In conclusion, an appropriate $\mathrm{N}{\mathrm{O}}_{\mathrm{3}}^{-}$ / $\mathrm{N}{\mathrm{H}}_{\mathrm{4}}^{+}$ ratio in nutrient solution could promote pakchoi growth and enhance the metabolic flux of C and N metabolism, especially with respect to glucose accumulation in shoots and folate biosynthesis.
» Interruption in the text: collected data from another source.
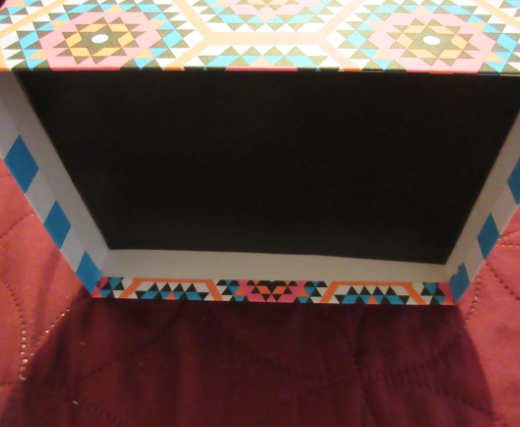 Now we’re moving onto the lid. In my example, I followed the pattern of the print but you can use a ruler and pencil to trace a rectangle underneath the lid and then cut it out to form a hole in the cover.
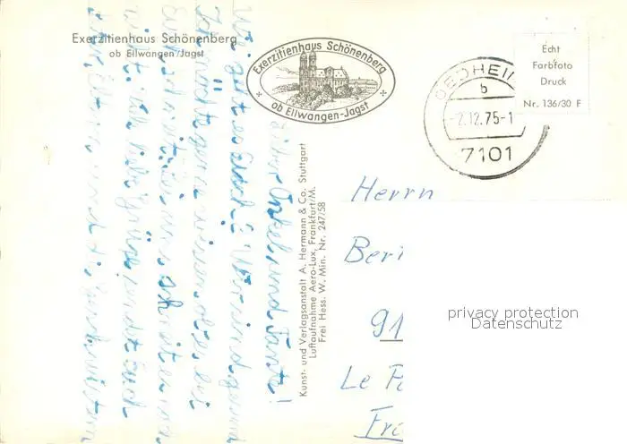 Ellwangen_Jagst Exerzitienhaus Schoenenberg Fliegeraufnahme Ellwangen_Jagst postalisch gelaufen 1975 Erhaltung siehe scans [WerneD78] WernPID7
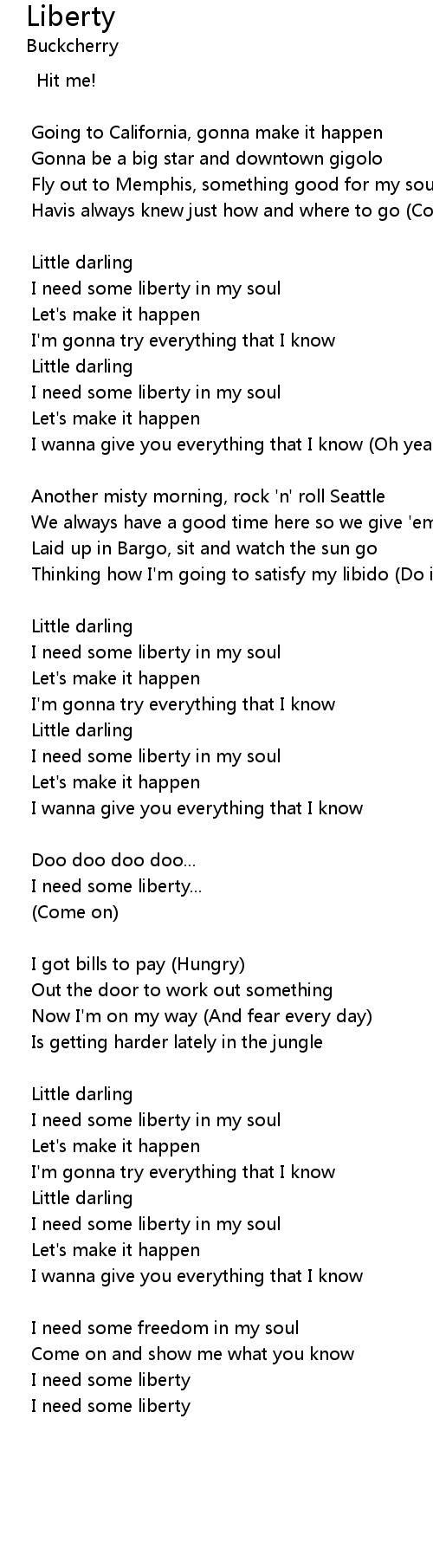 I need some liberty in my soul |

This therefore increases folate contents in pakchoi shoots, mainly in the form of polyglutamylated 5-CHO-THF and polyglutamylated 5-CH₃-THF. The rate of folate biosynthesis could be controlled by the activities of GTPCHI, ADCS, HPPK-DHPS, and DHFS. At the same N concentration, $\mathrm{N}{\mathrm{H}}_{\mathrm{4}}^{+}$ -N supply could increase polyglutamylated folates by reducing folate deglutamylation via lower GGH activity, which is conducive to folate stability. With good growth responses and folate biofortification, the appropriate 70/30 $\mathrm{N}{\mathrm{O}}_{\mathrm{3}}^{-}$ / $\mathrm{N}{\mathrm{H}}_{\mathrm{4}}^{+}$ ratio in nutrient solution should be recommended for the hydroponic cultivation of pakchoi. For the optimal growth and efficient folate accumulation of other foliar vegetable crops under hydroponic conditions, the appropriate ratio of $\mathrm{N}{\mathrm{H}}_{\mathrm{4}}^{+}$ -N to $\mathrm{N}{\mathrm{O}}_{\mathrm{3}}^{-}$ -N needs further exploration.

Author contributions

Yongcong ZHU performed the experimental research and data analysis, and wrote and edited the manuscript. Wei CHENG performed the experimental research and data analysis. Yuemin NI contributed to the study design. Wuzhong NI contributed to the study design and writing and editing of the manuscript. All authors have read and approved the final manuscript, and therefore, have full access to all the data in the study and take responsibility for the integrity and security of the data.

Compliance with ethics guidelines

Yongcong ZHU, Wei CHENG, Yuemin NI, and Wuzhong NI declare that they have no conflicts of interest.

This article does not contain any studies with human or animal subjects performed by any of the authors.

Data availability statement

All datasets analyzed in this study are available from the corresponding author upon request.